「転職のリスク」は、転職先の会社ごとに異なります。ですから、できるだけ個別のリスクの内容を把握する、そのための事前の情報収集をする、ということが大事です。とはいえ、リスクにはある程度、共通するものもあります。そこで、今回は、有名大企業、新興企業・外資系という分類で、共通するリスクについて考えてみたいと思います。
有名大企業の場合、中途採用の本気度を見よう
転職率は、企業の規模によって大きく異なります。
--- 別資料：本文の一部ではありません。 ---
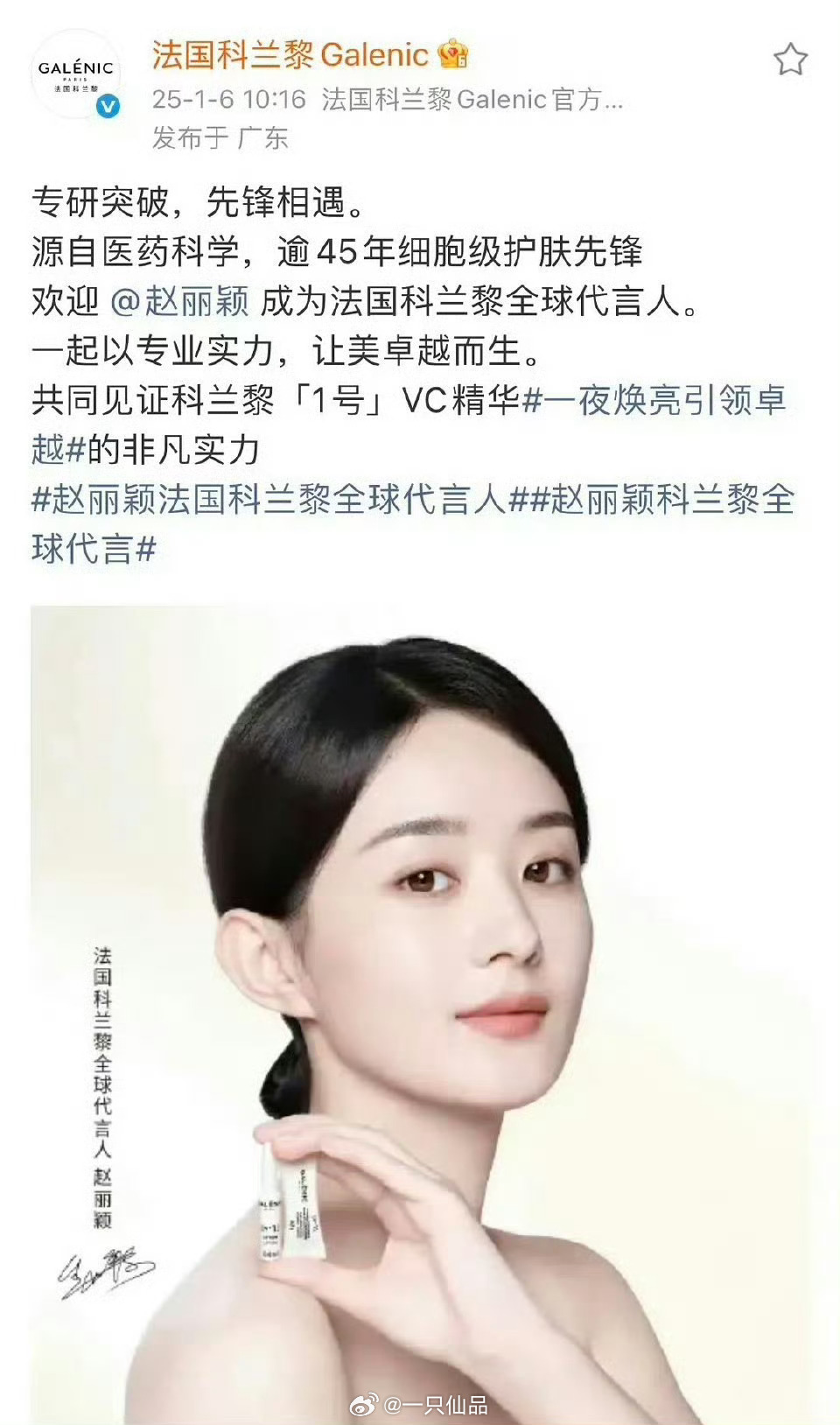 赵丽颖代言科兰黎后大涨超120%同时还连续上榜两年抖美妆排行榜前十这不仅是数字的跃升,更是国民女神强大影响力与带货实力的极致印证

株式会社リクルートと株式会社リクルートエージェントの第6回転職市場定点観測調査によれば、37歳時点において20-49人の企業規模での転職経験者比率が80%を超えているのに対し、5000人以上では40%を下回っており、また1万人以上では約30%、2万人以上では約20%の比率になっているのです。つまり、大企業であればあるほど、転職者の比率は少ないのです。
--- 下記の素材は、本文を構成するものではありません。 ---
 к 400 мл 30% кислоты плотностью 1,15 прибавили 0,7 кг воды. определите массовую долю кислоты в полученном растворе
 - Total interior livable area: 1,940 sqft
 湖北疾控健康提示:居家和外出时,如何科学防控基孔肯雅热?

有名大企業であっても、いまやまったく中途採用を行なわないという企業は珍しくなっています。しかし中途採用の実態には、バラツキがあると思われます。キャリア採用は補完程度にすぎず、あくまで新卒採用を人材の中心に据えていく方針の会社では、新卒採用された「生え抜き」の比率が高く、文化の同質性も高いので、その同質性に馴染んでいくにはそれなりの努力が必要になるでしょう。
会社方言を知らないことで、部下に甘く見られる
こうした同質性で苦労するという点は、実は日常の些細なところにあらわれてきます。有名大企業各社の人事部長に聞きますと、転職者が組織文化に馴染むにあたり最も苦労する点は、会社方言だそうです。
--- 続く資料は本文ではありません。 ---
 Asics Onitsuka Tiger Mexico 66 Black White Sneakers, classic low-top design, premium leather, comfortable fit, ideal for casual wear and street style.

会社方言とは何でしょうか。要は、その会社だけに通用するビジネス用語のことです。ただ会社方言が特徴的なのは、他の会社ではまったく別の言い方をするのに、なぜかその会社の中だけではその会社独特の言い方をしてしまうところにあります。面白いもので、当のその会社の社員たちは、その会社にしか通用しない表現にもかかわらず、共通表現と思い込んでいるのです。
転職者にとって、会社方言は入社するまで知る由もありません。ですから入社して、その存在に苦労させられるのは当たり前のことなのです。しかし、その会社で長く勤務している部下の目から見ると、転職者は即戦力で優秀だから採用されたのに、こんな用語さえ知らないのかと嘲る気持ちが生じてきます。